▶

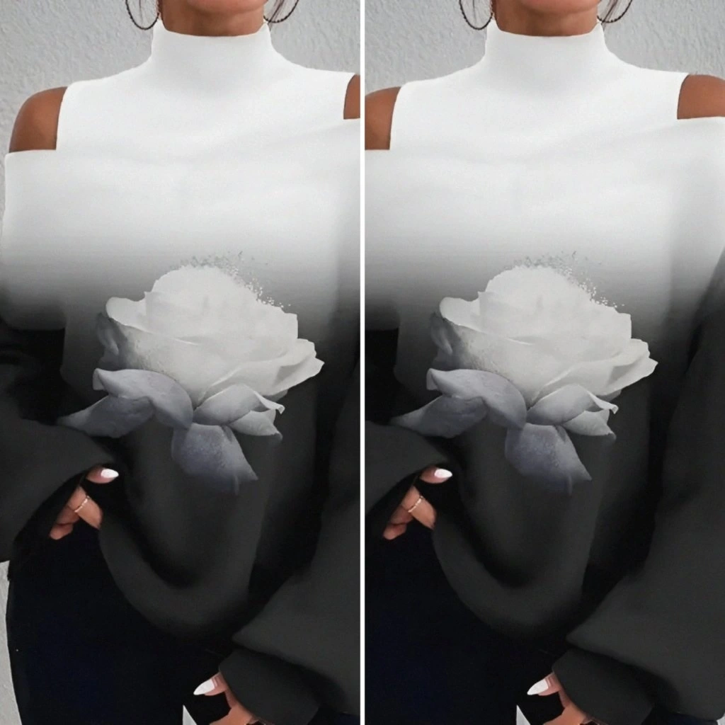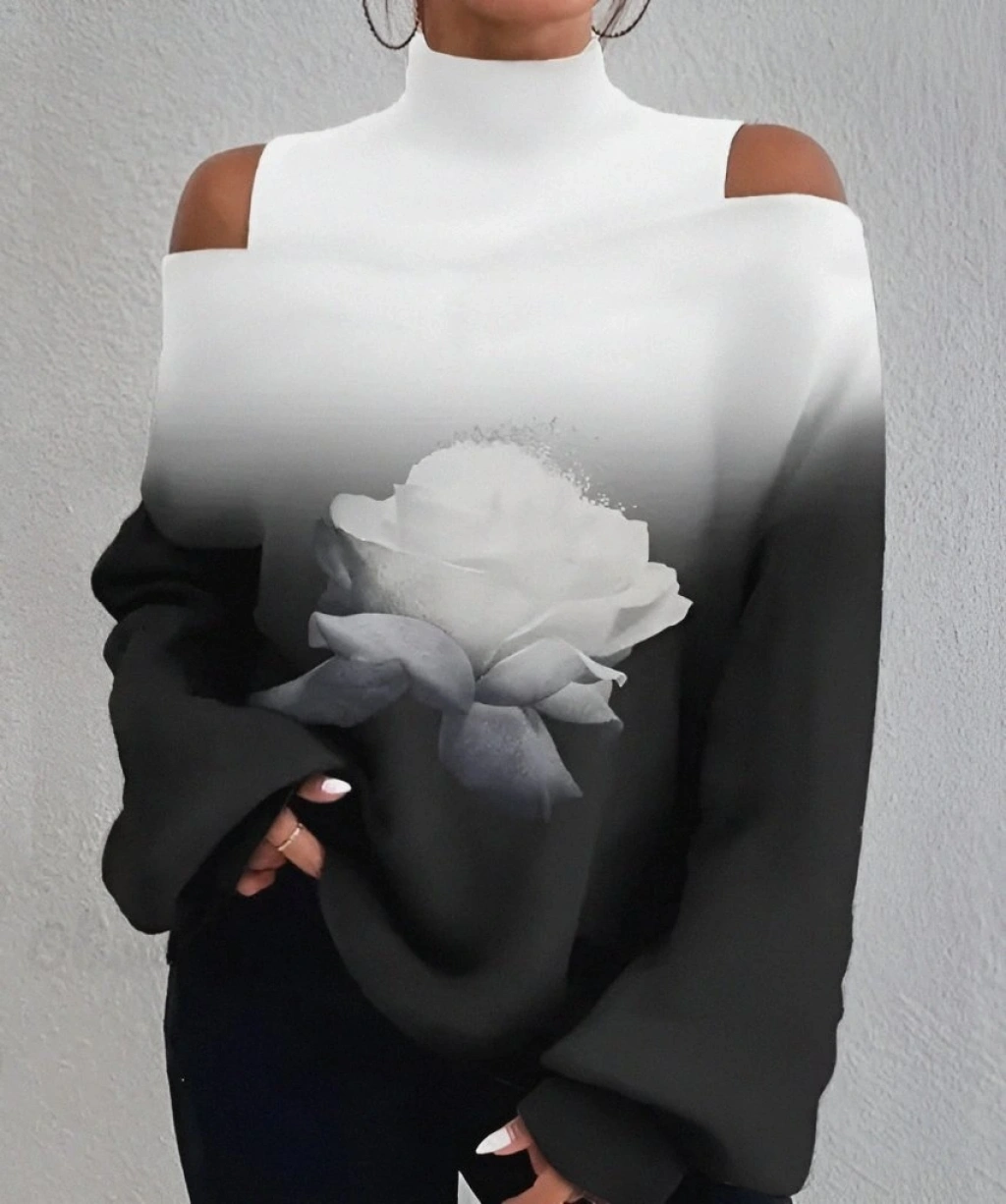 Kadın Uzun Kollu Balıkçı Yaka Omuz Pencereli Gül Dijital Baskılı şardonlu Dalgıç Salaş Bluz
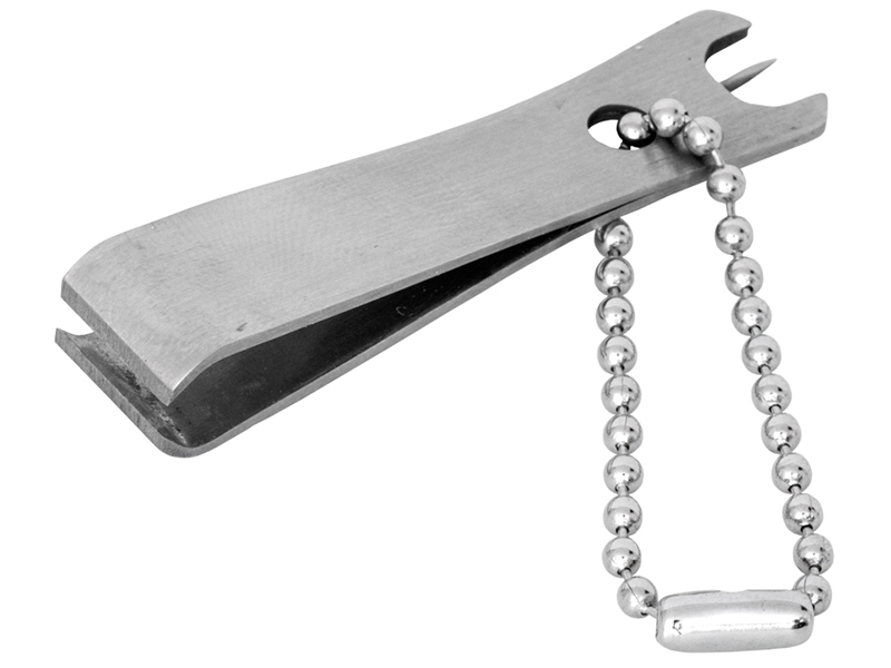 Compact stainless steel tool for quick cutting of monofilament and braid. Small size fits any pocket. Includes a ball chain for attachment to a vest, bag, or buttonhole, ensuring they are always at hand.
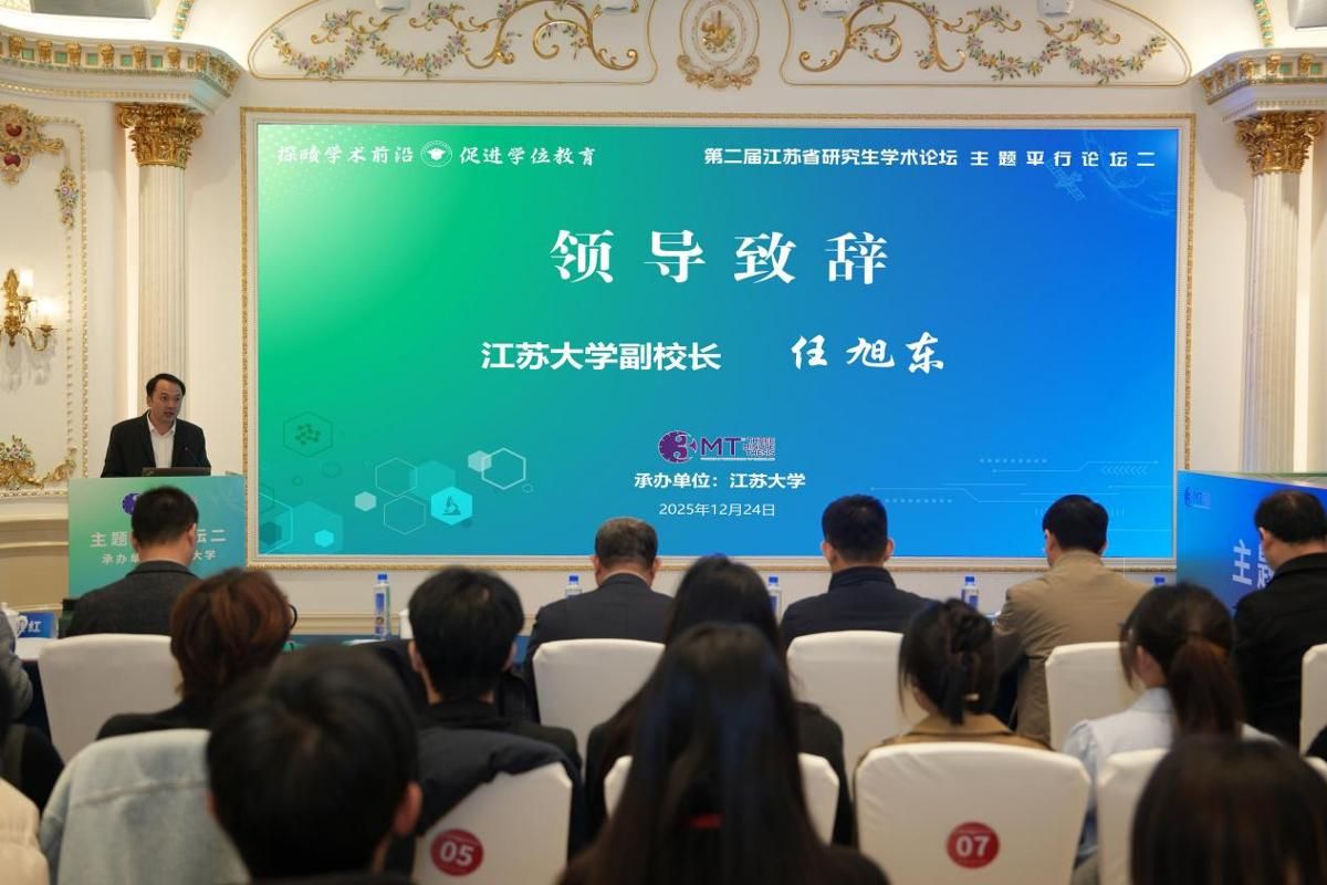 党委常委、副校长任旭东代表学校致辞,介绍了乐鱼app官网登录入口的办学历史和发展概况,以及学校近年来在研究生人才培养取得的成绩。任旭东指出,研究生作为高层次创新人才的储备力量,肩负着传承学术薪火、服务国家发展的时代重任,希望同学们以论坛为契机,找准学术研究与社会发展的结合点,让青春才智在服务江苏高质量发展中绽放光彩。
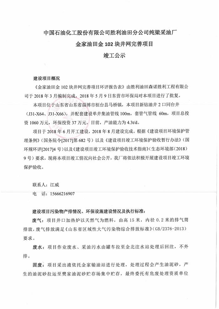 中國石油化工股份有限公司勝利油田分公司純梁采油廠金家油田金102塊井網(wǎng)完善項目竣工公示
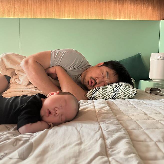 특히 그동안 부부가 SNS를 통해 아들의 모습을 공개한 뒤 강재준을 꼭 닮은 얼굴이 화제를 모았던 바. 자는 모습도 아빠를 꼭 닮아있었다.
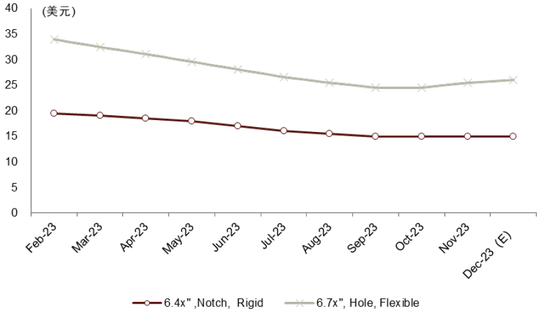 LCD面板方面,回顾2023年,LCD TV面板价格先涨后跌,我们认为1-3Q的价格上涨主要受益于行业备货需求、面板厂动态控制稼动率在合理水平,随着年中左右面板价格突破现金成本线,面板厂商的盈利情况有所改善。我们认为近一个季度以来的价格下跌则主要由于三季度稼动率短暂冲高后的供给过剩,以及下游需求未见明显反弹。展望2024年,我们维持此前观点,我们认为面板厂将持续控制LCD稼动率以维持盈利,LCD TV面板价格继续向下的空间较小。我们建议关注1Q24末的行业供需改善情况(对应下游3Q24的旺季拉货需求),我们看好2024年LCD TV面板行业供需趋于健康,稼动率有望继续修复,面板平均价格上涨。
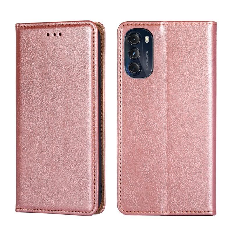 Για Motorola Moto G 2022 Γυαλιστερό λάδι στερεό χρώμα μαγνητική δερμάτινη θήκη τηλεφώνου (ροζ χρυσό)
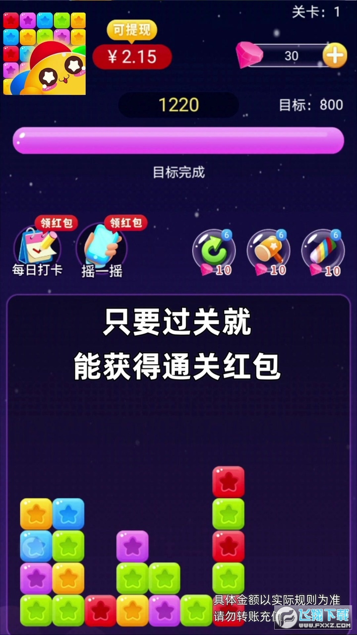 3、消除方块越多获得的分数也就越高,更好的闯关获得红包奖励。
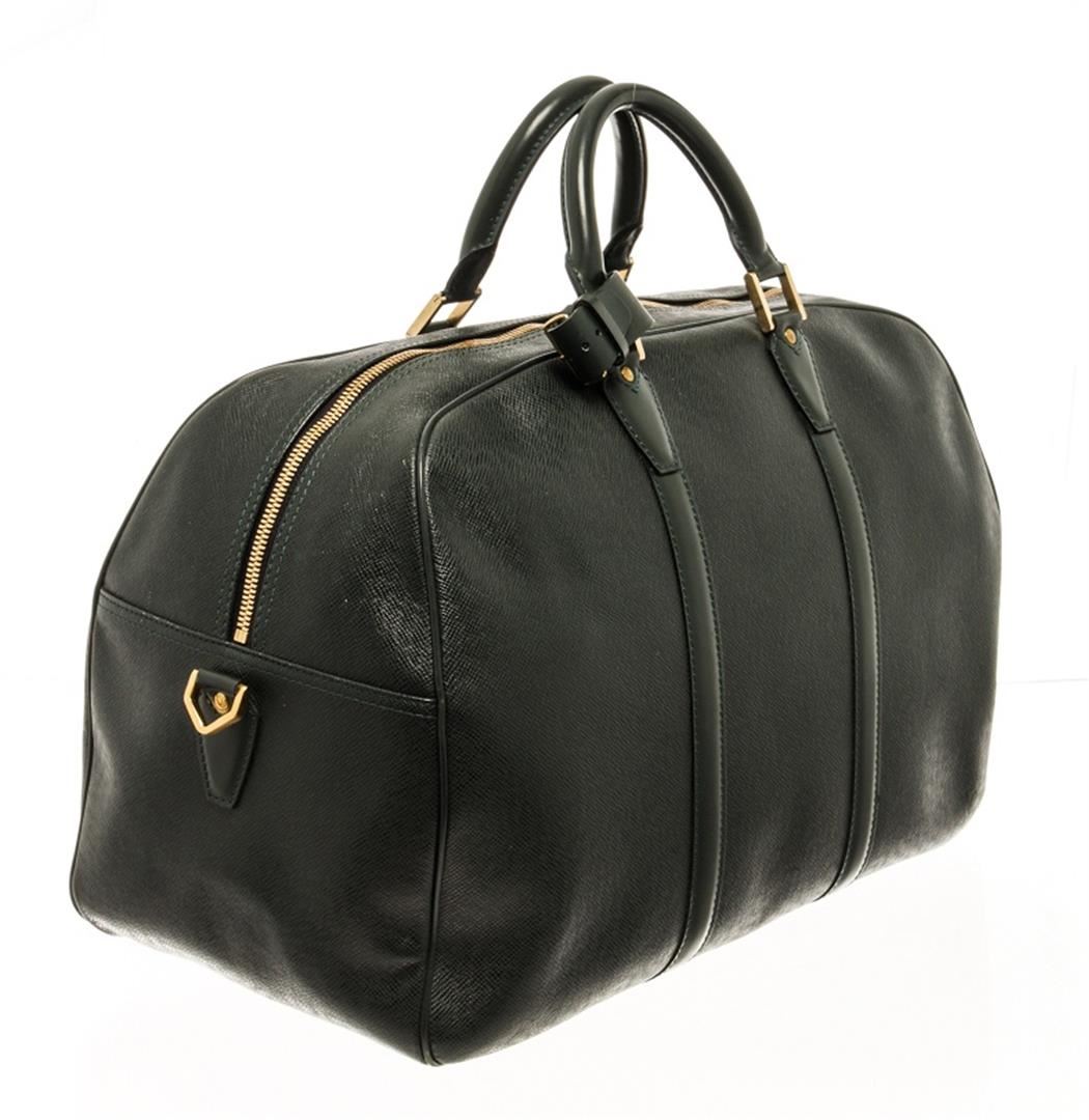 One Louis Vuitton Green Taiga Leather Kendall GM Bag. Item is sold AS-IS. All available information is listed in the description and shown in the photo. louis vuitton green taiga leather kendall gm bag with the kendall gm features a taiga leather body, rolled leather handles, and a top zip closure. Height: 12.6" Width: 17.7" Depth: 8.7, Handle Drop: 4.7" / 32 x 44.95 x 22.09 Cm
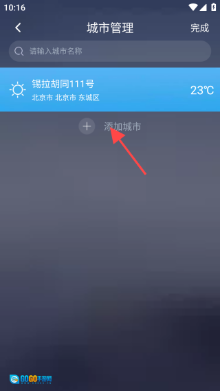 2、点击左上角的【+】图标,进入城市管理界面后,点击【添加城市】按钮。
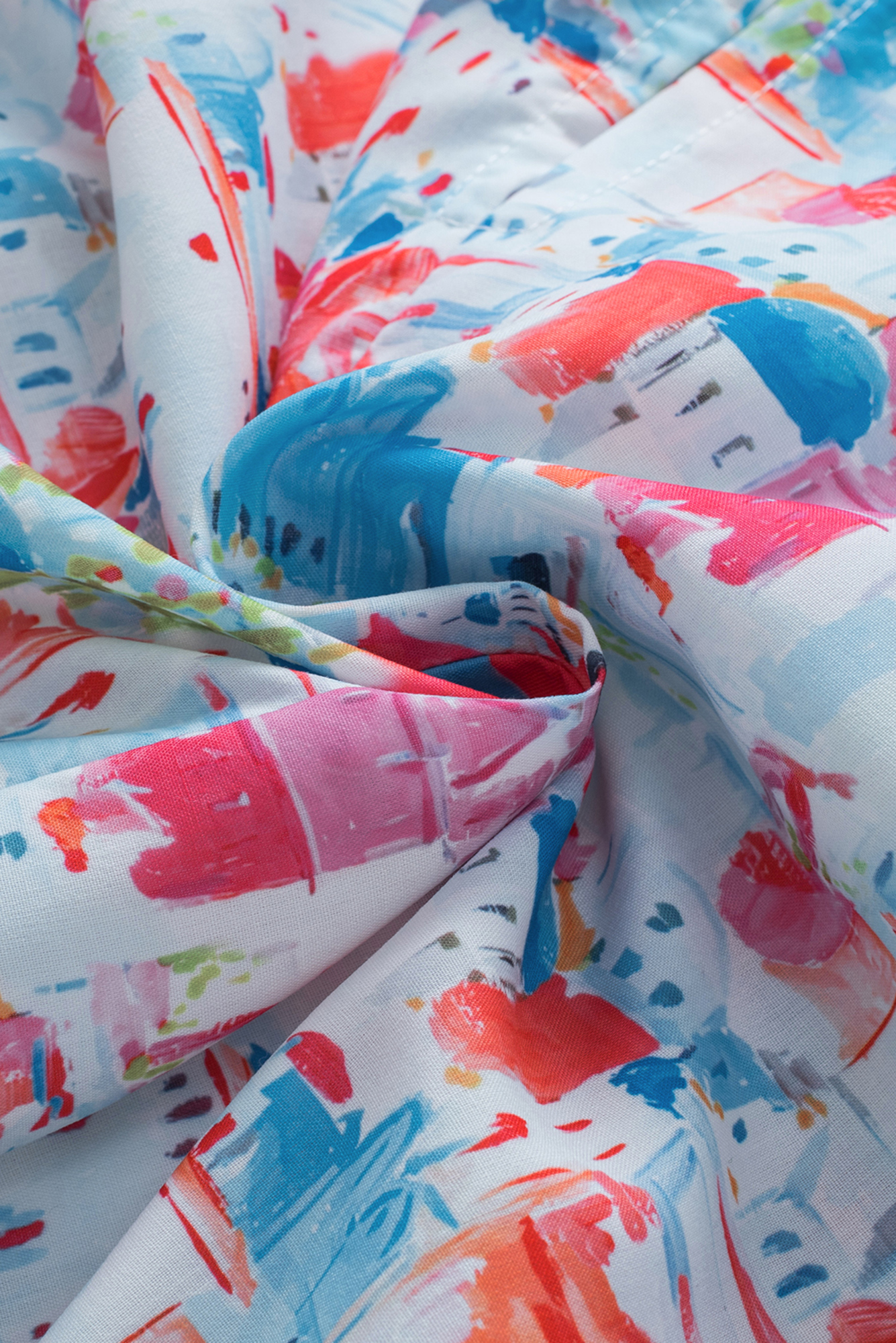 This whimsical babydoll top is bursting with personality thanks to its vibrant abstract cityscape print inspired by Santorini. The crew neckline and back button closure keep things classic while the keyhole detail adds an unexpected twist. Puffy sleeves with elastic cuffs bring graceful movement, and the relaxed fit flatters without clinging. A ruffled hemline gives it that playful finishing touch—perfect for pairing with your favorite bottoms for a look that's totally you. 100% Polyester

◀

§ **Exercise details**: Write all the entries again word for word, minus the pictures.

§ **Exercise response**:
 Kadın Uzun Kollu Balıkçı Yaka Omuz Pencereli Gül Dijital Baskılı şardonlu Dalgıç Salaş Bluz
 Compact stainless steel tool for quick cutting of monofilament and braid. Small size fits any pocket. Includes a ball chain for attachment to a vest, bag, or buttonhole, ensuring they are always at hand.
 党委常委、副校长任旭东代表学校致辞,介绍了乐鱼app官网登录入口的办学历史和发展概况,以及学校近年来在研究生人才培养取得的成绩。任旭东指出,研究生作为高层次创新人才的储备力量,肩负着传承学术薪火、服务国家发展的时代重任,希望同学们以论坛为契机,找准学术研究与社会发展的结合点,让青春才智在服务江苏高质量发展中绽放光彩。
 中國石油化工股份有限公司勝利油田分公司純梁采油廠金家油田金102塊井網(wǎng)完善項目竣工公示
 특히 그동안 부부가 SNS를 통해 아들의 모습을 공개한 뒤 강재준을 꼭 닮은 얼굴이 화제를 모았던 바. 자는 모습도 아빠를 꼭 닮아있었다.
 LCD面板方面,回顾2023年,LCD TV面板价格先涨后跌,我们认为1-3Q的价格上涨主要受益于行业备货需求、面板厂动态控制稼动率在合理水平,随着年中左右面板价格突破现金成本线,面板厂商的盈利情况有所改善。我们认为近一个季度以来的价格下跌则主要由于三季度稼动率短暂冲高后的供给过剩,以及下游需求未见明显反弹。展望2024年,我们维持此前观点,我们认为面板厂将持续控制LCD稼动率以维持盈利,LCD TV面板价格继续向下的空间较小。我们建议关注1Q24末的行业供需改善情况(对应下游3Q24的旺季拉货需求),我们看好2024年LCD TV面板行业供需趋于健康,稼动率有望继续修复,面板平均价格上涨。
 Για Motorola Moto G 2022 Γυαλιστερό λάδι στερεό χρώμα μαγνητική δερμάτινη θήκη τηλεφώνου (ροζ χρυσό)
 3、消除方块越多获得的分数也就越高,更好的闯关获得红包奖励。
 One Louis Vuitton Green Taiga Leather Kendall GM Bag. Item is sold AS-IS. All available information is listed in the description and shown in the photo. louis vuitton green taiga leather kendall gm bag with the kendall gm features a taiga leather body, rolled leather handles, and a top zip closure. Height: 12.6" Width: 17.7" Depth: 8.7, Handle Drop: 4.7" / 32 x 44.95 x 22.09 Cm
 2、点击左上角的【+】图标,进入城市管理界面后,点击【添加城市】按钮。
 This whimsical babydoll top is bursting with personality thanks to its vibrant abstract cityscape print inspired by Santorini. The crew neckline and back button closure keep things classic while the keyhole detail adds an unexpected twist. Puffy sleeves with elastic cuffs bring graceful movement, and the relaxed fit flatters without clinging. A ruffled hemline gives it that playful finishing touch—perfect for pairing with your favorite bottoms for a look that's totally you. 100% Polyester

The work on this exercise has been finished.